*Exercise directions*. Dropping every picture, set down exactly the lines in the entries below, starting with the line with "Zu den konkaven" and going on through the line with "Chanel Mini Rectangular".

### Material provided

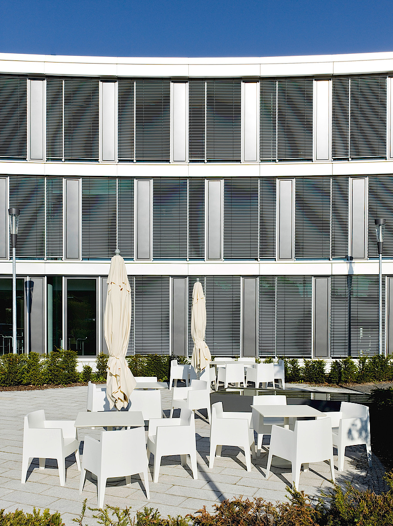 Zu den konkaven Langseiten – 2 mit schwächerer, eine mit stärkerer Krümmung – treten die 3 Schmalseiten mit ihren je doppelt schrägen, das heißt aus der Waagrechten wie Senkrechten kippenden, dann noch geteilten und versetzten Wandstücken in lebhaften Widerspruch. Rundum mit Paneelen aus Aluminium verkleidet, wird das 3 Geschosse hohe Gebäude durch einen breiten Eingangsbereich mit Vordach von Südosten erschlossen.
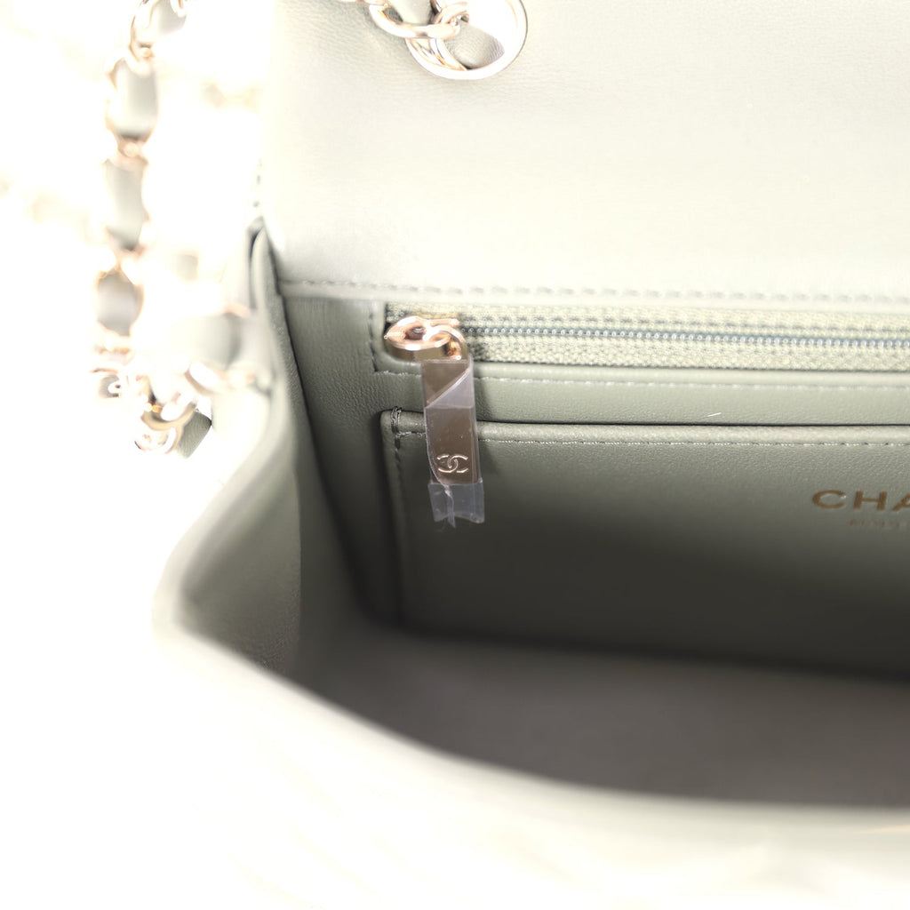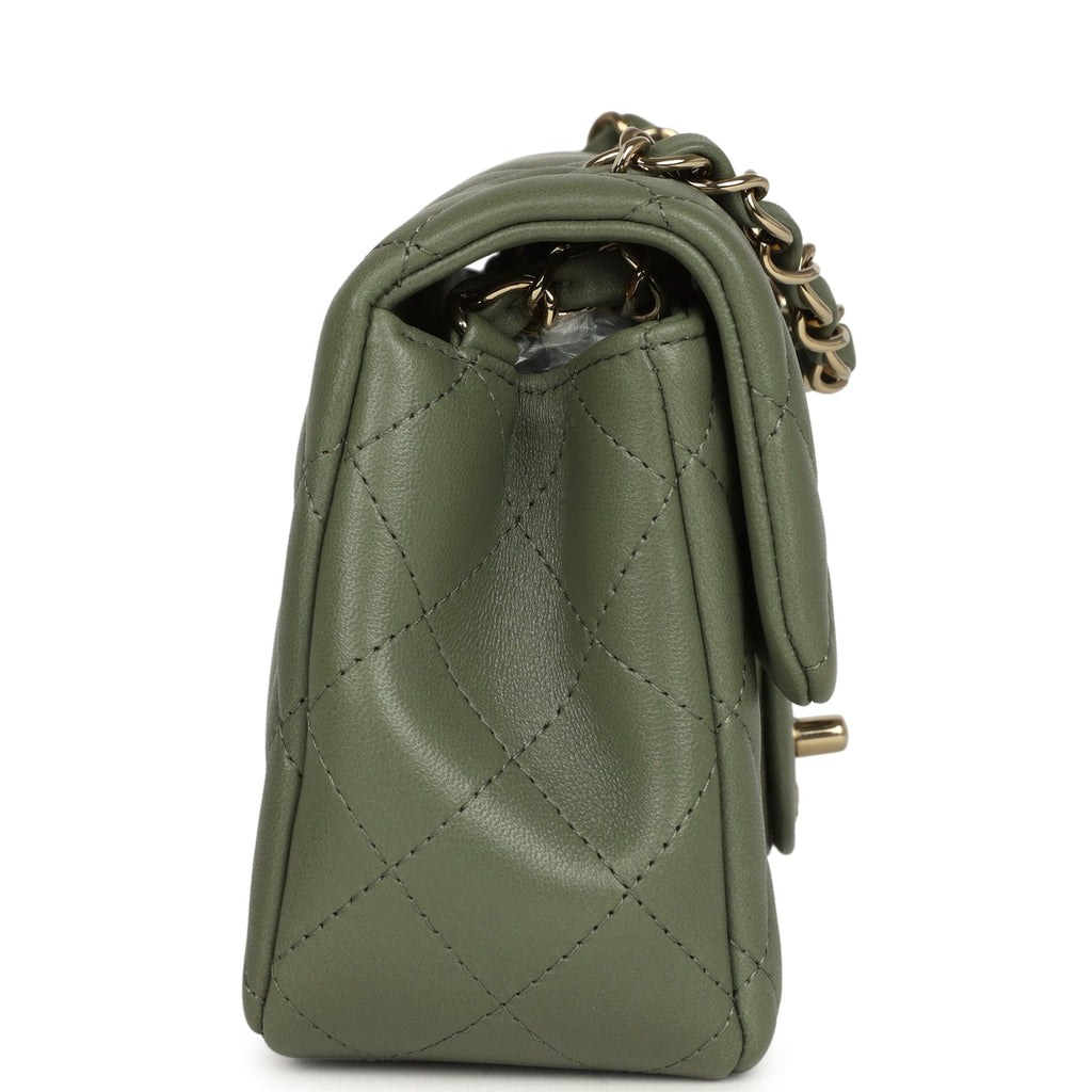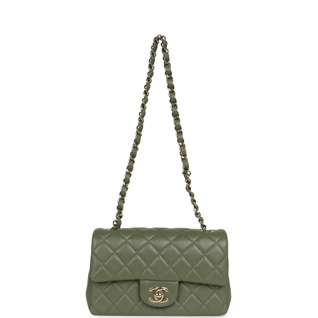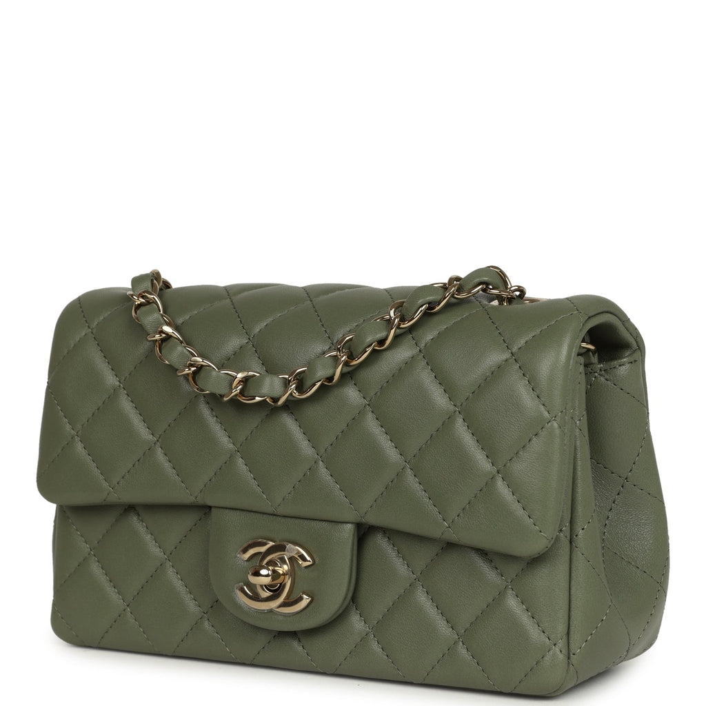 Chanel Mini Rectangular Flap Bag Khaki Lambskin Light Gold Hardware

######
### Material provided

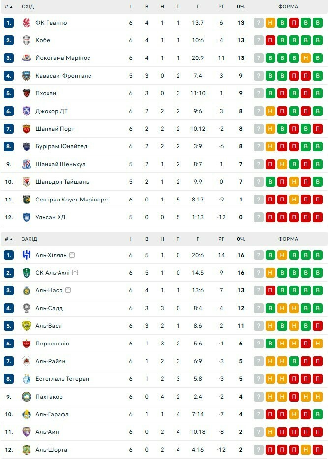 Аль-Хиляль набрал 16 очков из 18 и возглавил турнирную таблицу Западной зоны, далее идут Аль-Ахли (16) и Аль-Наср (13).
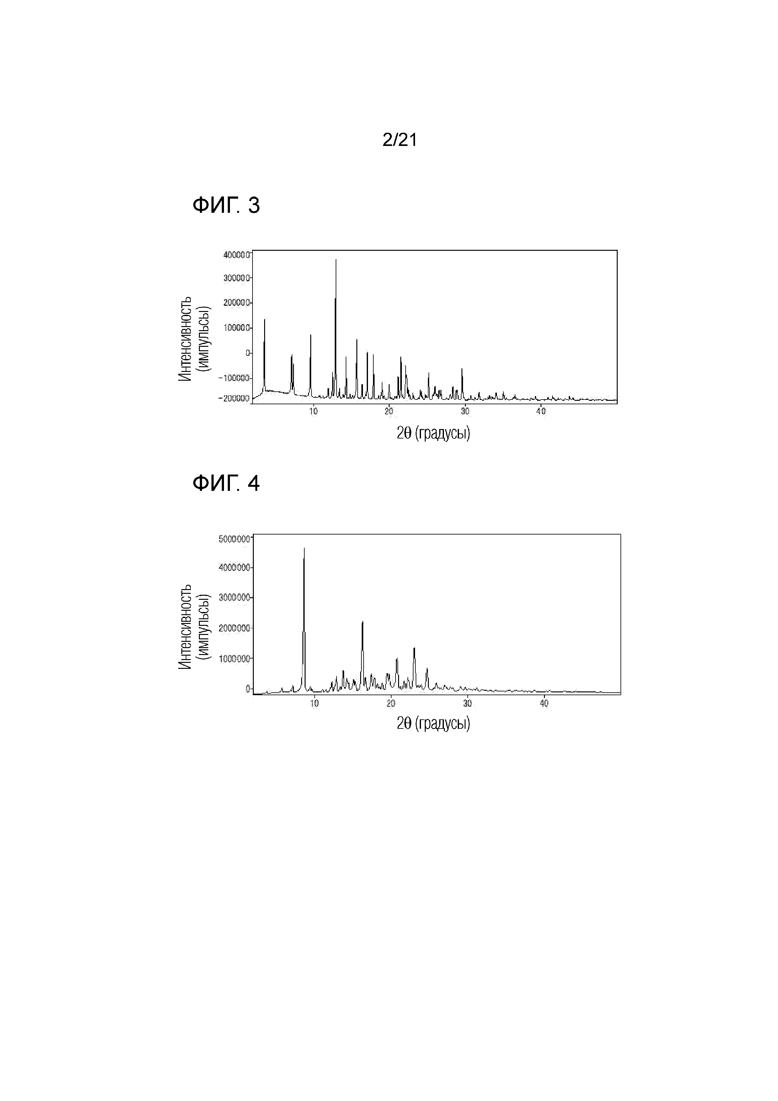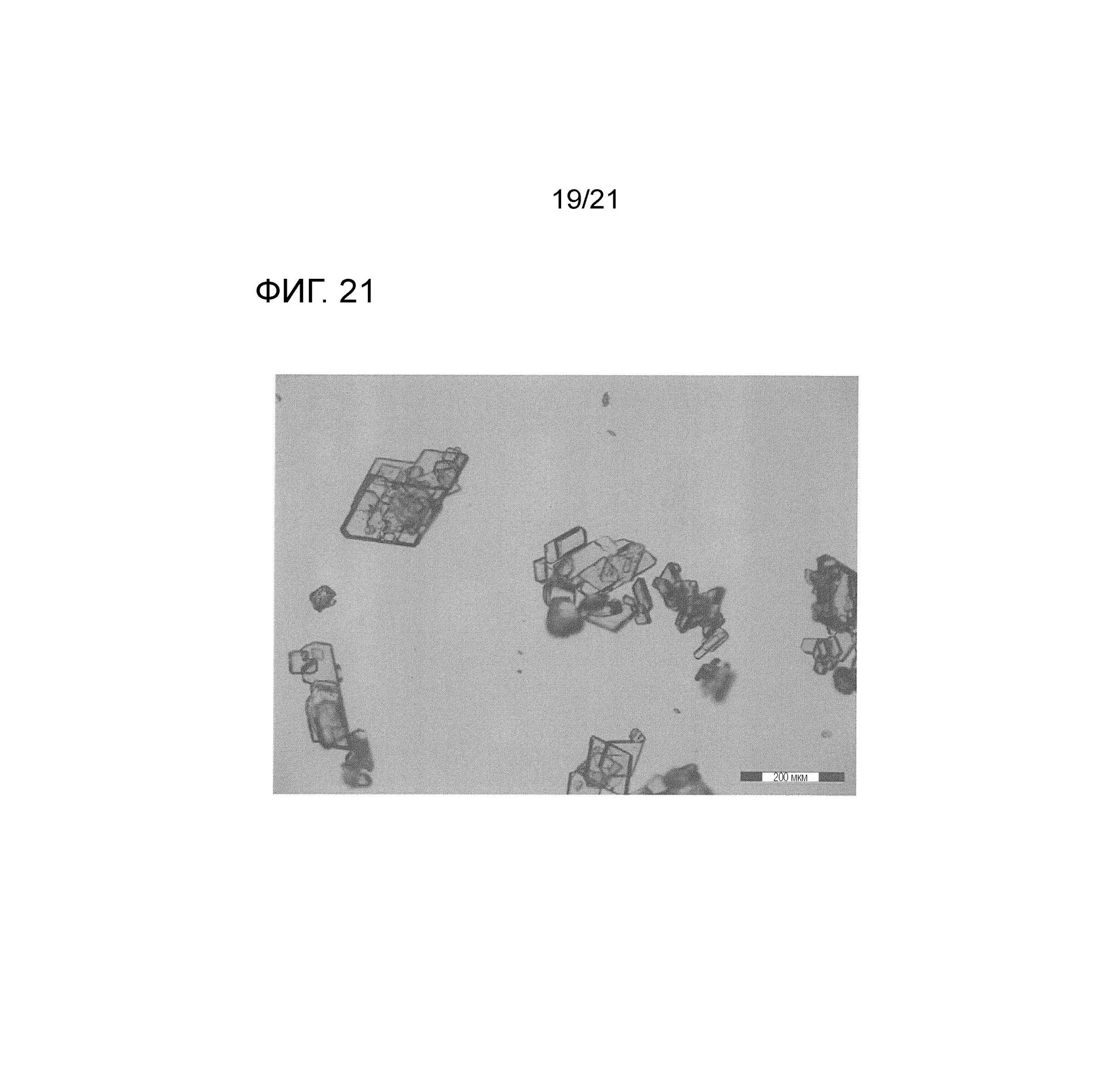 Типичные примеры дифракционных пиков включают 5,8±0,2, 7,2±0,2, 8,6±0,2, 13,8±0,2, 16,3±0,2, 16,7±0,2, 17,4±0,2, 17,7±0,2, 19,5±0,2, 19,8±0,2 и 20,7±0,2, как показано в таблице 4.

######

*Exercise answer*.
 Zu den konkaven Langseiten – 2 mit schwächerer, eine mit stärkerer Krümmung – treten die 3 Schmalseiten mit ihren je doppelt schrägen, das heißt aus der Waagrechten wie Senkrechten kippenden, dann noch geteilten und versetzten Wandstücken in lebhaften Widerspruch. Rundum mit Paneelen aus Aluminium verkleidet, wird das 3 Geschosse hohe Gebäude durch einen breiten Eingangsbereich mit Vordach von Südosten erschlossen.
 Chanel Mini Rectangular Flap Bag Khaki Lambskin Light Gold Hardware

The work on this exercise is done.